Workforce Differentiation

toto zurianto

Masih banyak perusahaan yang keberatan untuk menggunakan strategi membedakan kemampuan pegawai (workforce differentiation). Mereka umumnya masih selalu memberikan perhatian yang sama kepada pegawainya. Pemimpinnya banyak yang khawatir apabila menerapkan workforce differentiation, dapat menyebabkan pegawainya menjadi demotivasi. Mereka sangat khawatir apabila tidak mendapatkan dukungan dari pegawai, takut kalau-kalau dicap sebagai pemimpin yang tidak populer.

Tetapi situasi yang berkembang tidak selamanya seperti itu. Kini banyak juga muncul para pemimpin yang lebih visioner yang ingin memberikan prestasi yang lebih baik ke perusahaan. Tuntutan stakeholders yang semakin tinggi dan iklim persaingan yang semakin ketat, membuat para pemimpin tidak mungkin mampu mempertahankan kebijakan yang sama rata sama rasa. Bukan sekedar sebagai kebijakan yang tidak adil, juga sikap sama rata sama rasa itu dapat menyebabkan demotivasi bagi pegawai (terbaik) untuk memberikan kontribusi optimum kepada perusahaan.
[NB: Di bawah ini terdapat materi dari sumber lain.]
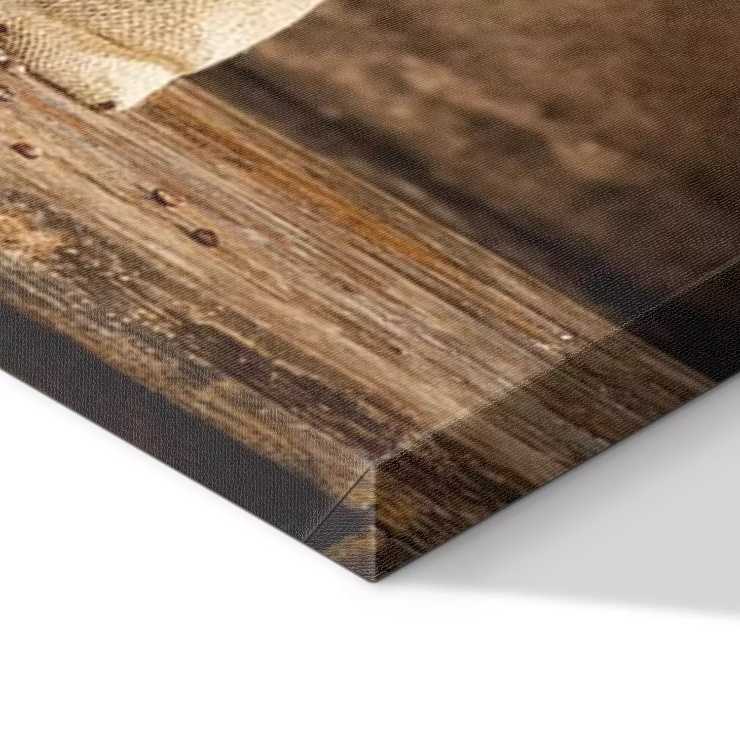 Tableau  Fresh old sack of coffee grains and brown old wall background

Karena itu, kebijakan differentiation adalah pilihan penting, meskipun sulit tetapi perlu secara konsisten dijalankan. Tidak pada tempatnya lagi untuk memberikan toleransi tanpa batas kepada pegawai yang kinerjanya rendah (low performer). Pegawai yang Low Perfomer perlu mendapatkan lampu kuning, peringatan agar memperbaiki diri. Apakah menyangkut perilaku dan attitude yang tidak positip, atau karena kemampuan teknikal yang dianggap sudah out-of-date. Pemimpin dan Line Manager dituntut, pertama, harus mampu melakukan evaluasi ulang yang tegas sehingga dapat diketahui, siapa-siapa yang termasuk Top Performance, Middle Performance, dan yang Low Performance. Melakukan evaluasi yang tegas seperti ini, jelas bukan sesuatu yang mudah. Umumnya kita masih mempunyai sifat tidak tega dan kasihan yang apabila terlalu dominan, justru bisa memberikan pengaruh besar (negatif) ke perusahaan dan anak buah yang sebenarnya harus kita perbaiki.
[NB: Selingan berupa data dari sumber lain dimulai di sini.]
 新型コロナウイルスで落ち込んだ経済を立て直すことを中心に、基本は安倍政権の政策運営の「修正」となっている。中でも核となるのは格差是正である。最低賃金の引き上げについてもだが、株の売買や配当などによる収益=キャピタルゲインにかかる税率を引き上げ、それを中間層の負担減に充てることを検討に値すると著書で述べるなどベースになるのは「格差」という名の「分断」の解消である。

Ketidakmampuan dan ketidaktegasan kita dalam memberikan penilaian, dalam jangka panjang akan menyebabkan kerugian bagi perusahaan/organisasi dan tentunya diri kita sendiri, termasuk kepada pegawai yang Low Performer itu. banyak pimpinan dan Line Manager memberikan penilaian cukup baik kepada pegawai yang low performer dengan maksud agar pegawai yang bersangkutan tidak merasa dikorbankan. Padahal tentu saja penilaian seperti itu sebenarnya palsu dan membuat yang bersangkutan tidak mengetahui kekurangannya dan tidak berupaya memperbaiki dirinya menjadi lebih baik.
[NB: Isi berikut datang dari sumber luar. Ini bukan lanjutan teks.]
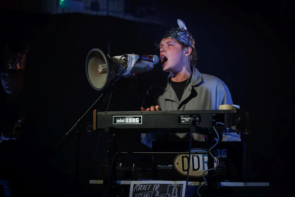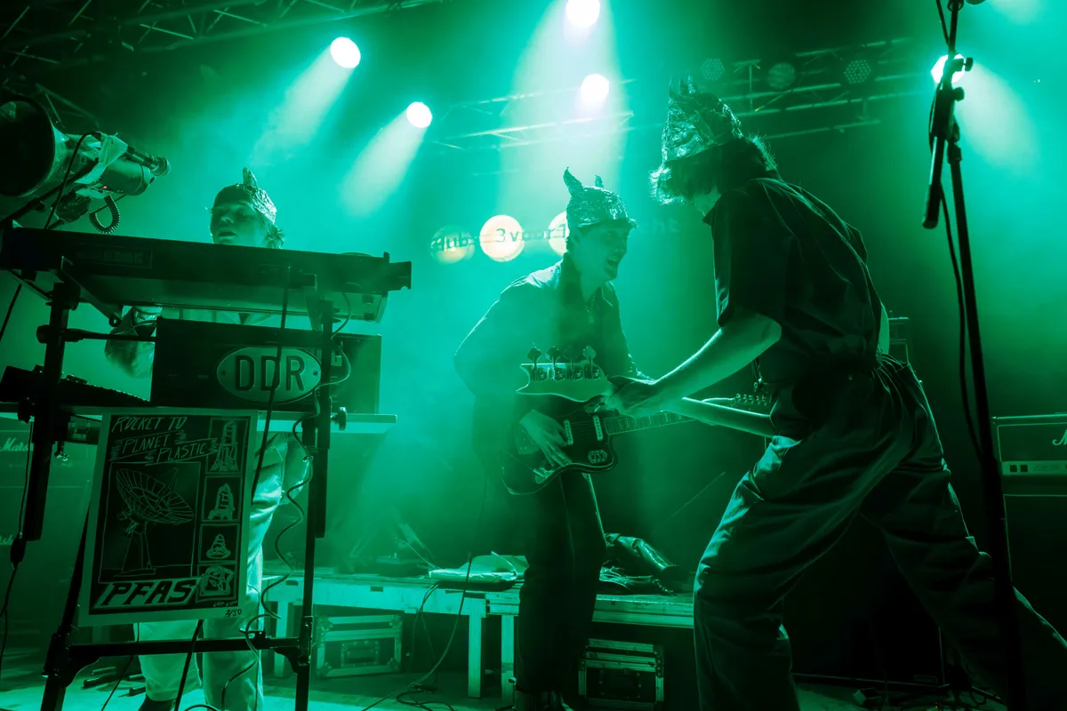Gewapend met vikinghelmen van aluminiumfolie betreedt eggpunkband PFAS het podium. Na een droge, ingestudeerde introductie, waarin alle drie de bandleden om de beurt een woord zeggen, barsten ze los met een flinke dosis energieke punk. Af en toe schreeuwt frontman Sander iets door de megafoon die met tape op zijn microfoon geplakt zit. De band gebruikt een drumcomputer in plaats van echte drums, en dat geeft precies het synthetische PFAS-laagje dat deze punkband zo bijzonder maakt. De nummers gaan over NASA of over honden – een uitgebreidere introductie krijgen we niet. Ze gaan zo hard dat de geluidstechniek hen af en toe tegenwerkt, maar de feedback wordt na afloop omarmd met een shoutout. PFAS sluit de set af met een synthy hardcore-achtig nummer dat sommige mensen aan het hakken krijgt. Dit voelen we over een aantal jaar nog in ons lichaam.

Oleh karena itu, melakukan pembedaan bukanlah sesuatu yang kejam dan bertujuan untuk menghancurkan karir seseorang. Kebijakan ini, di samping untuk menciptakan rasa adil, juga dimaksudkan sebagai upaya untuk memperbaiki diri agar tidak selalu merasa masih bagus padahal sebenarnya sudah berada dalam kondisi mengkhawatirkan.